Лишь один-единственный раз между нами и этой странной, чужой для нас женщиной возникло что-то вроде взаимопонимания. Это было в тот день, когда в наш городок въехал танк и мы кинулись к окнам, а фройляйн Ничке сидела за учительским столом, и ее трясло от озноба. Казалось, ее разбил паралич. Мы окружили ее, попытались помочь, но она ничего не слышала. Все испугались, две девочки истерически зарыдали. Через несколько минут фройляйн Ничке взяла себя в руки. На лбу у нее выступил пот, и выглядела она совершенно изможденной. Мы вызвались проводить ее домой, но она не решалась оставить класс без учителя. Только когда ей нашлась подмена, она позволила двум ученицам отвести себя домой. Позднее я слышала, что во время войны ее засыпало в подвале. Другие говорили, будто она пережила дрезденскую бомбардировку и вся ее семья сгорела. Сама она никогда об этом не рассказывала. Несколько дней мы вели себя тихо и предупредительно. Но вскоре происшествие было забыто, и мы, беззащитные перед величием и властью учителей, мстили за все ей — единственной, кто видел в каждом из нас пусть маленького, но непростого и самобытного человека.

А в тот день ребята прямо среди урока бросились к окнам и закричали:

— Танки! Танки!

Слышался громкий скрежет и лязг гусениц. Потом наступила тишина.

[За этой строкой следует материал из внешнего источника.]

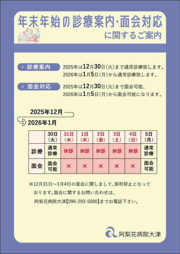 2025年12月31日から2026年1月4日まで阿梨花病院大津の外来診療、入院病棟のご面会は年末年始体制になります。

После уроков мы не пошли домой, зная, что родители не пустят нас больше на улицу, хотя комендантский час начинался только вечером. Мы побежали на рыночную площадь. В город въехал всего-навсего один танк. Он стоял посреди площади. Зачехленный орудийный ствол был направлен на старый, обветшалый памятник погибшим воинам. Собственно, памятник мы увидели впервые, так как накануне какие-то люди разломали закрывавшую его дощатую обшивку с флагами и большим фанерным голубем мира.

Мы стояли на тротуаре среди прохожих и смотрели на танк. Ничего особенного не происходило. Люди перешептывались. Через некоторое время открылся башенный люк, из которого показался молодой русский солдат. Лицо его было спокойным, он кивнул нам и вылез из башни. К нему подошел полицейский. Солдат жестами что-то объяснил полицейскому и ткнул сапогом гусеницу. Потом оба присели и заглянули под танк. Солдат опять что-то сказал. Вскоре он вновь забрался в башню. Люк закрылся. Все оставалось тихо, и я заскучала. Мы разошлись по домам.

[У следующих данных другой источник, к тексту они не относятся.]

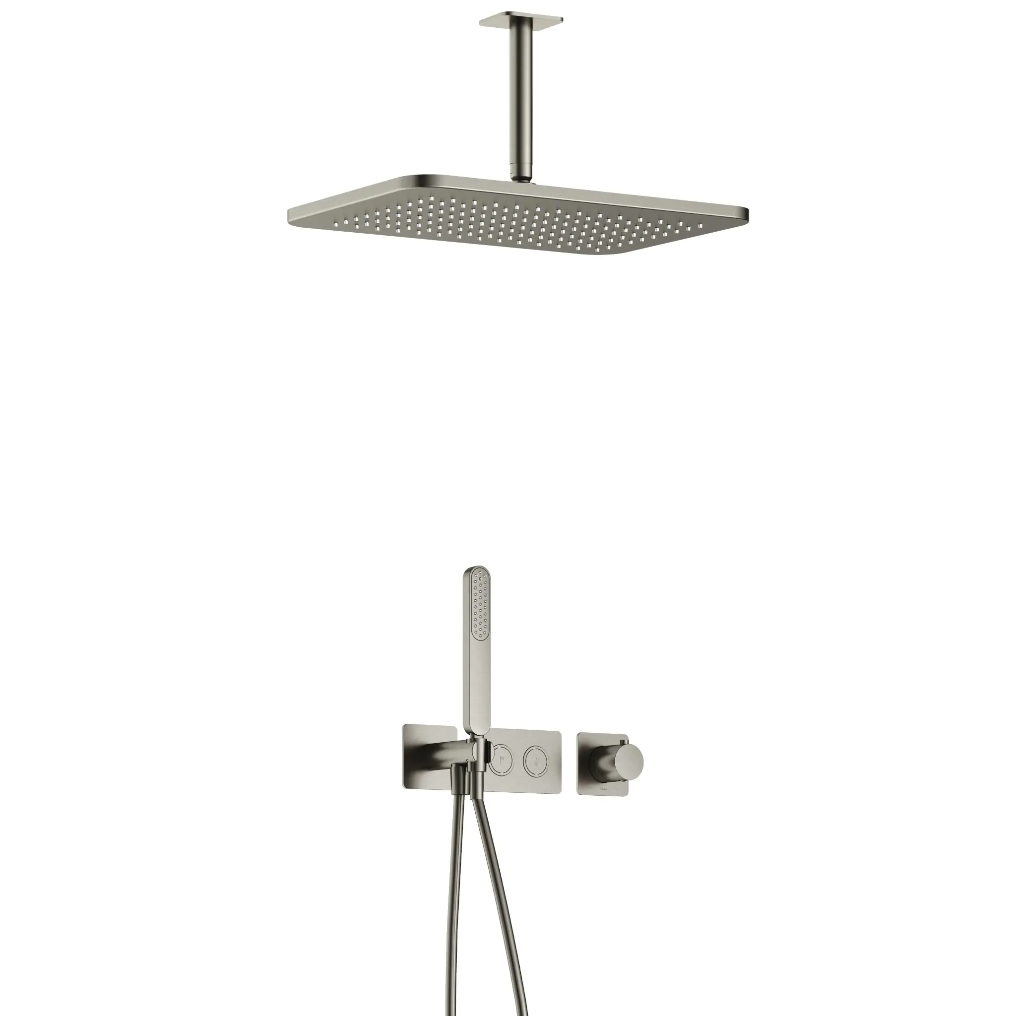 Hotbath Gal Inbouw Regendoucheset Met 2 Pushbuttons, Plafondbuis 15cm, Hoofddouche 27x40cm En Staafhanddouche Geborsteld Nikkel PVD

Танк пробыл в Г. всего три дня. Он исчез так же внезапно, как и появился. Мальчишки твердили, будто ночью пушка выстрелила и снаряд пробил сразу четыре стены. Но взрослые говорили, что это чепуха. Разбита была только та дощатая обшивка с флагами и голубем мира.

Отец рассказал, что забрали жену сапожника. Это она принесла незнакомым людям топор, чтобы сбить голубя мира. Ее мужа тоже отправили в районный центр, но через двое суток он вернулся.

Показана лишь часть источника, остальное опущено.